For understanding let's consider the following reference transcript and predicted output:
- Reference transcript: “Understanding textual evaluation metrics is awesome for a data professional”.
- Predicted output: “Understanding textual metrics is great for a data professional”.
In this case, the predicted output has one deletion (the word “textual” disappears) and one substitution (“awesome” becomes “great”).
So, what is the Word Error Rate of this translation? Basically, WER is the number of errors divided by the number of words in the reference transcript.
WER = (num inserted + num deleted + num substituted) / num words in the reference
Thus, in our example:
WER = (0 + 1 + 1) / 10 = 0.2
Lower WER often indicates that the Automated Speech Recognition (ASR) software is more accurate in recognizing speech. A higher WER, then, often indicates lower ASR accuracy.
The drawback is that it assumes the impact of different errors is the same. Sometimes, insertion error may have a bigger impact than deletion. Another limitation is that this metric cannot distinguish a substitution error from combing, deletion and insertion error.

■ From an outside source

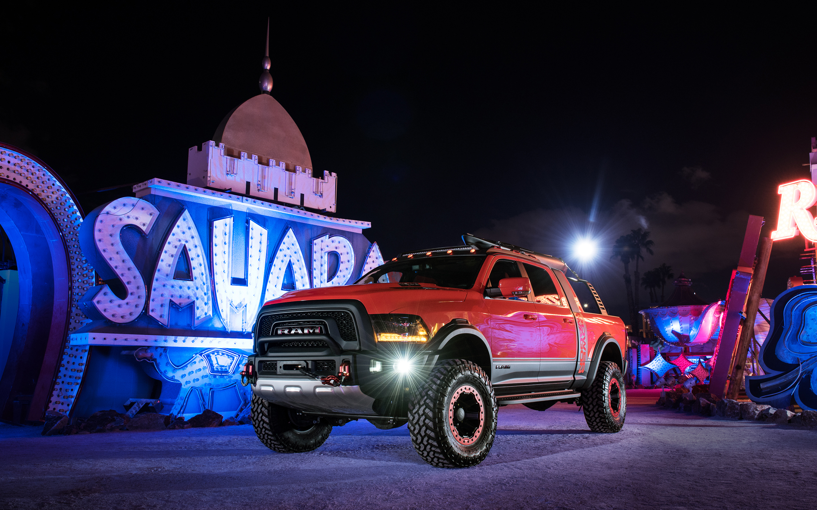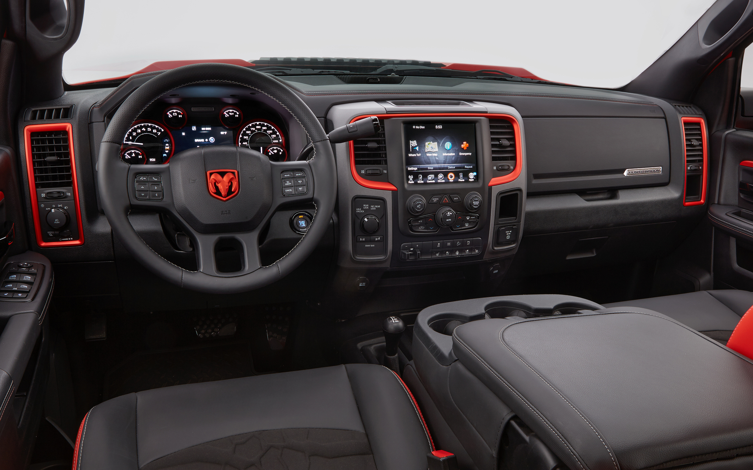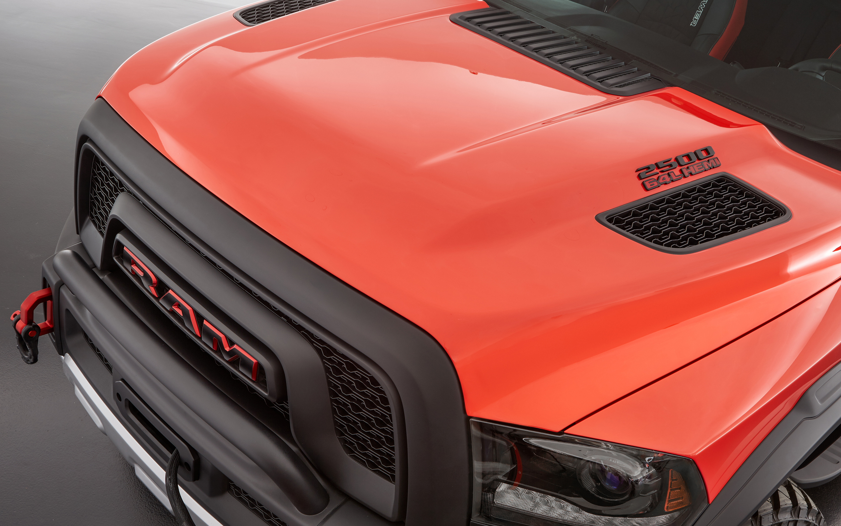 Further exterior customizations included one-piece Mopar concept off-road running boards, larger concept fender flares, low-gloss black door handles and a 21-inch heavy-duty light bar and LED clearance lights on the roof. Both front and rear bumpers integrated painted, bright silver skid plates and tow hooks. Black “RAM” lettering on the grille and body sides was outlined in Macho Mango.

Recall-Oriented Understudy for Gisting Evaluation (ROUGE): this is Recall based, unlike BLEU which is Precision based. ROUGE metric includes a set of variants: ROUGE-N, ROUGE-L, ROUGE-W, and ROUGE-S. ROUGE-N is similar to BLEU-N in counting the 𝑛-gram matches between the hypothesis and reference.
This is a set of metrics used for evaluating automatic summarization and machine translation software in natural language processing. The metrics compare an automatically produced summary or translation against a reference or a set of references or a human-produced summary or translation.

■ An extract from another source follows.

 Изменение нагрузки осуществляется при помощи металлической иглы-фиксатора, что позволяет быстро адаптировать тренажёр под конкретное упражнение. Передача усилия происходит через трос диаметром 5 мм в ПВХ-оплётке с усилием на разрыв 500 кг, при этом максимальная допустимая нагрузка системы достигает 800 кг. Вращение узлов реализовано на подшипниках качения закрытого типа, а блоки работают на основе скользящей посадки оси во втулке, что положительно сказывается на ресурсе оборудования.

Mind you, in summarization tasks where it’s important to evaluate how many words a model can recall (recall = % of true positives versus both true and false positives)
Feel free to check out the python package here.
Final Thoughts:
Understanding which performance measure to use and the best one for the problem at hand help to validate the right solution to meet the needs of the particular challenge.
The challenge with NLP solutions is on measuring their performance for various tasks. Speaking of other Machine learning tasks, it is easier to measure the performance because the cost function or evaluation criteria are well defined and have a clear picture of what is to be evaluated.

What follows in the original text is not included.